→ **WHAT YOU HAVE TO DO**
Transcribe, starting at the line with "Gordon & Arkell" and ending at the line with "A rule of thumb", every line of the material below exactly, but leave out the pictures and anything outside that span.

→ **DATA FOR ANALYSIS**
━━━━━━

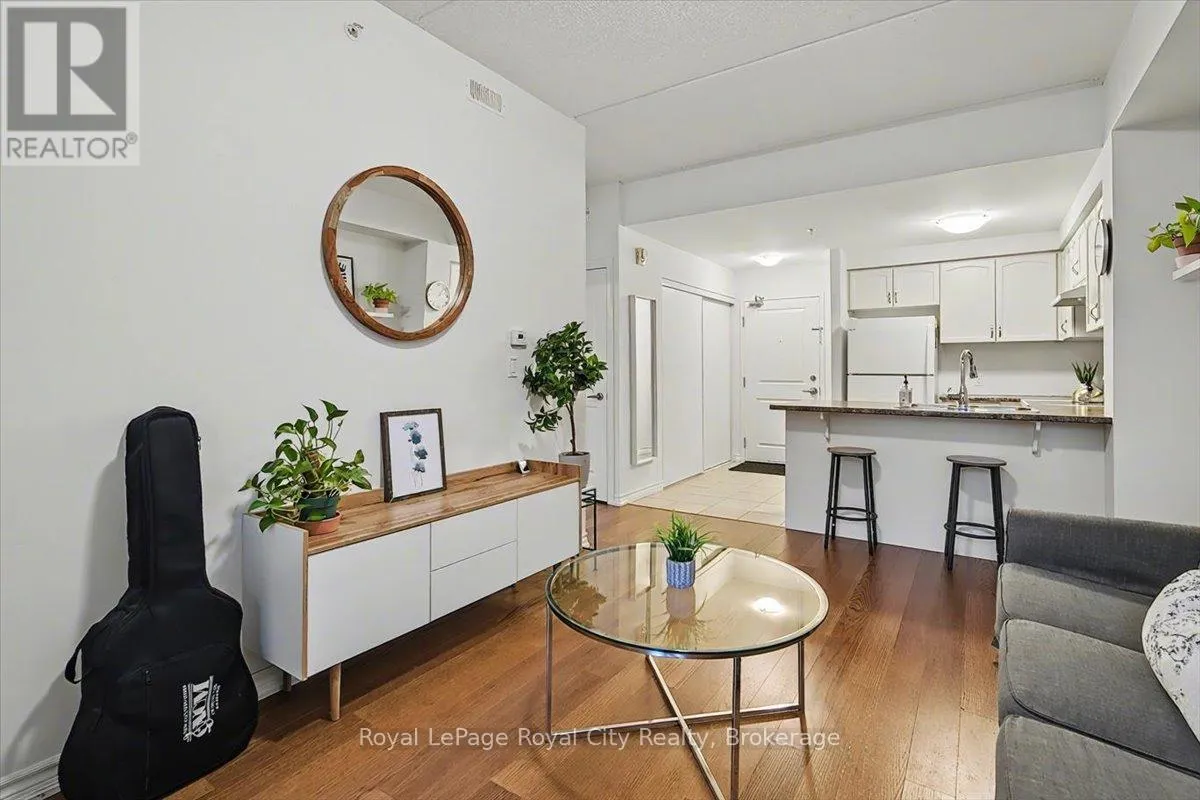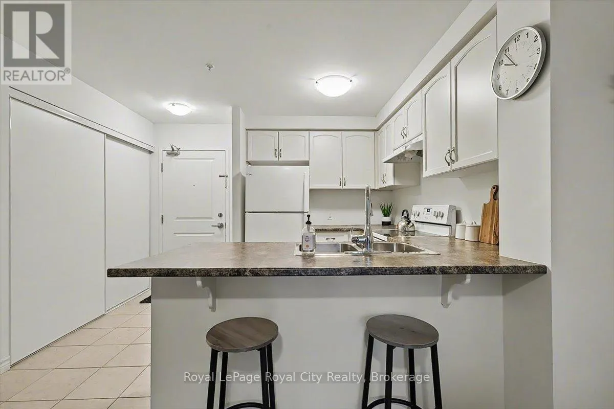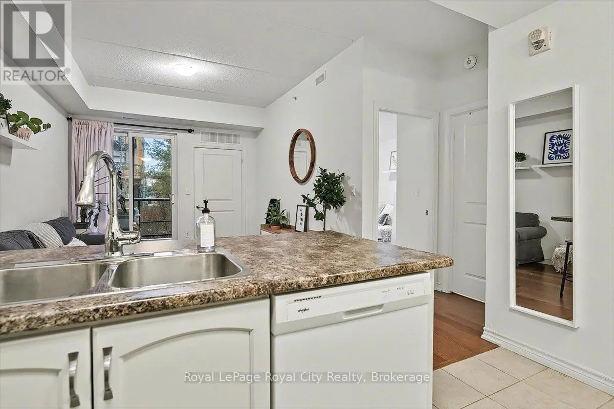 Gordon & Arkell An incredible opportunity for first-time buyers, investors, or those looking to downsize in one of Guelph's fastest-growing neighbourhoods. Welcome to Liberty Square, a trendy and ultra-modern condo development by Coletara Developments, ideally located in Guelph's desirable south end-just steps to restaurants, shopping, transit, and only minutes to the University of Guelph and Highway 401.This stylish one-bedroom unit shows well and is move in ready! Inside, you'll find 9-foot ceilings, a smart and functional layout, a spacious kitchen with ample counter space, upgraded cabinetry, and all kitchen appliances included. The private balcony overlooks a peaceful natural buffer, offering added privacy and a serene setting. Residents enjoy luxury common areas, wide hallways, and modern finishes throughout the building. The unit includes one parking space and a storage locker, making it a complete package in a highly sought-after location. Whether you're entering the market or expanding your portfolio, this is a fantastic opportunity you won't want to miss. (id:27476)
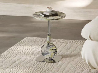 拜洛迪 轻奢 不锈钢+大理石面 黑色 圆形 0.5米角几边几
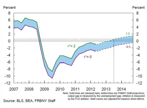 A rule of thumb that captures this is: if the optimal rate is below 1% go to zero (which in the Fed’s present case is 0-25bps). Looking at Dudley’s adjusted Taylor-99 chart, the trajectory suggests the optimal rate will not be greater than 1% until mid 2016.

━━━━━━

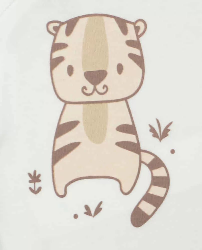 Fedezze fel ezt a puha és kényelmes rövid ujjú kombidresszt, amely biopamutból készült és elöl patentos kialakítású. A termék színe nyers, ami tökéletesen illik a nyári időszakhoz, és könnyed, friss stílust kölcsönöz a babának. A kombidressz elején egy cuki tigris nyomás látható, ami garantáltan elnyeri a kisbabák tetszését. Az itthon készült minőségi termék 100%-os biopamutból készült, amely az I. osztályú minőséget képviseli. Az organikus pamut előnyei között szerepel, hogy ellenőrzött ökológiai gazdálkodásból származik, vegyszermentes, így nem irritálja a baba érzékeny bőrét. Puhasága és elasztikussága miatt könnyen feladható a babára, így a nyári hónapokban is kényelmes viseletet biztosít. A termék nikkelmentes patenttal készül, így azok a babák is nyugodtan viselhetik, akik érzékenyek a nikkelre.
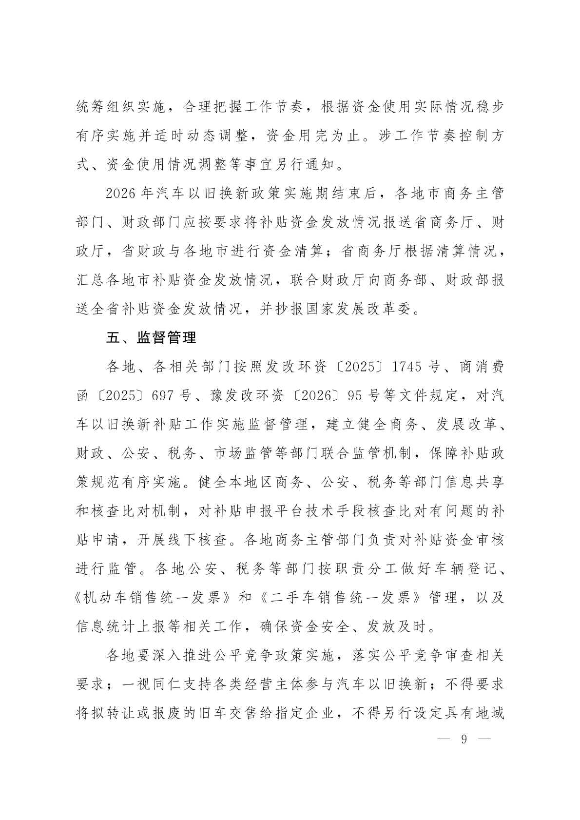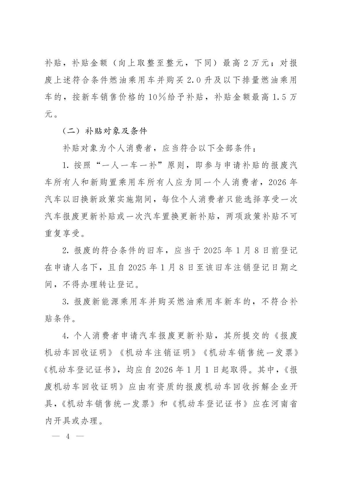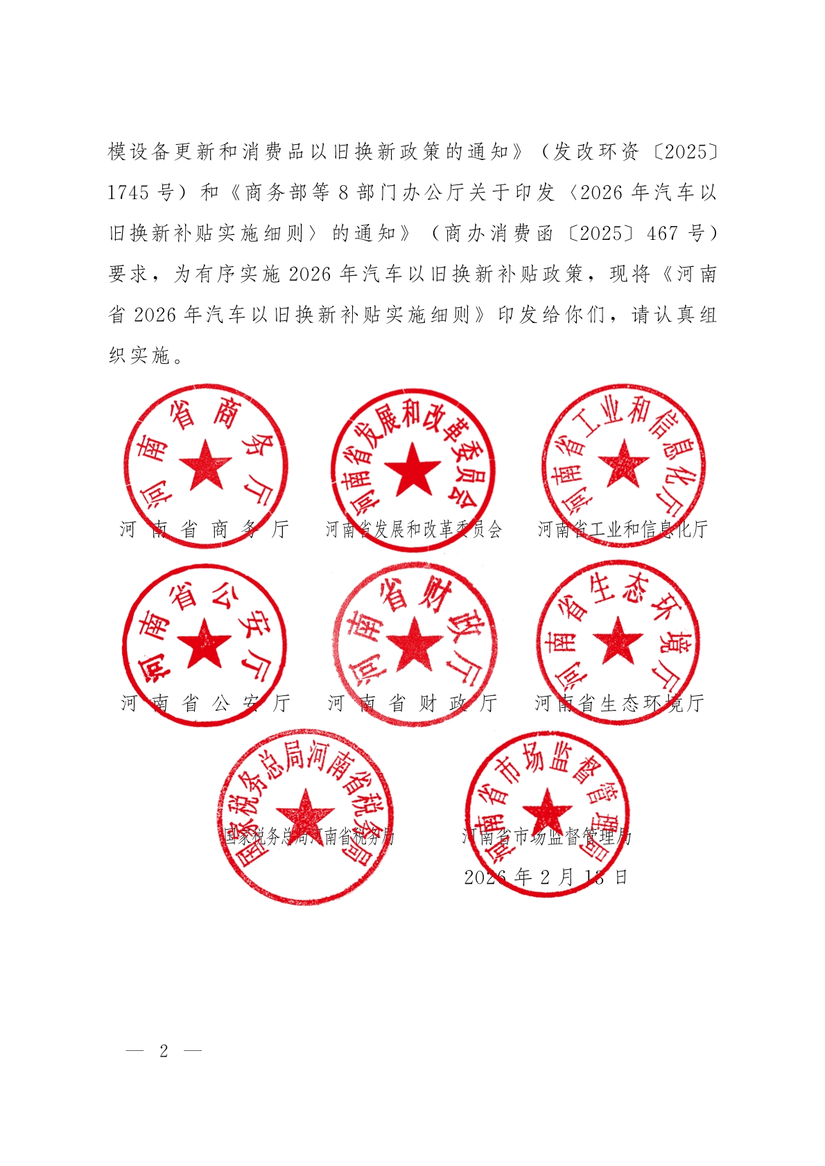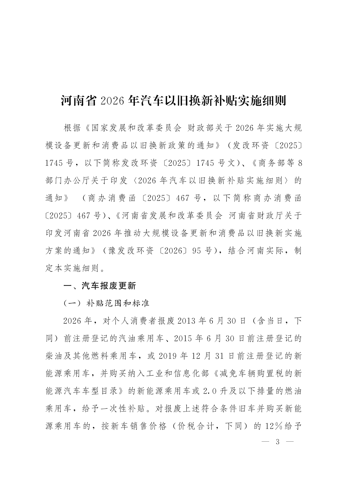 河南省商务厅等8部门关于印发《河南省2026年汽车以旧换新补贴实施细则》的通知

━━━━━━

→ **SOLVED PROBLEM**
 Gordon & Arkell An incredible opportunity for first-time buyers, investors, or those looking to downsize in one of Guelph's fastest-growing neighbourhoods. Welcome to Liberty Square, a trendy and ultra-modern condo development by Coletara Developments, ideally located in Guelph's desirable south end-just steps to restaurants, shopping, transit, and only minutes to the University of Guelph and Highway 401.This stylish one-bedroom unit shows well and is move in ready! Inside, you'll find 9-foot ceilings, a smart and functional layout, a spacious kitchen with ample counter space, upgraded cabinetry, and all kitchen appliances included. The private balcony overlooks a peaceful natural buffer, offering added privacy and a serene setting. Residents enjoy luxury common areas, wide hallways, and modern finishes throughout the building. The unit includes one parking space and a storage locker, making it a complete package in a highly sought-after location. Whether you're entering the market or expanding your portfolio, this is a fantastic opportunity you won't want to miss. (id:27476)
 拜洛迪 轻奢 不锈钢+大理石面 黑色 圆形 0.5米角几边几
 A rule of thumb that captures this is: if the optimal rate is below 1% go to zero (which in the Fed’s present case is 0-25bps). Looking at Dudley’s adjusted Taylor-99 chart, the trajectory suggests the optimal rate will not be greater than 1% until mid 2016.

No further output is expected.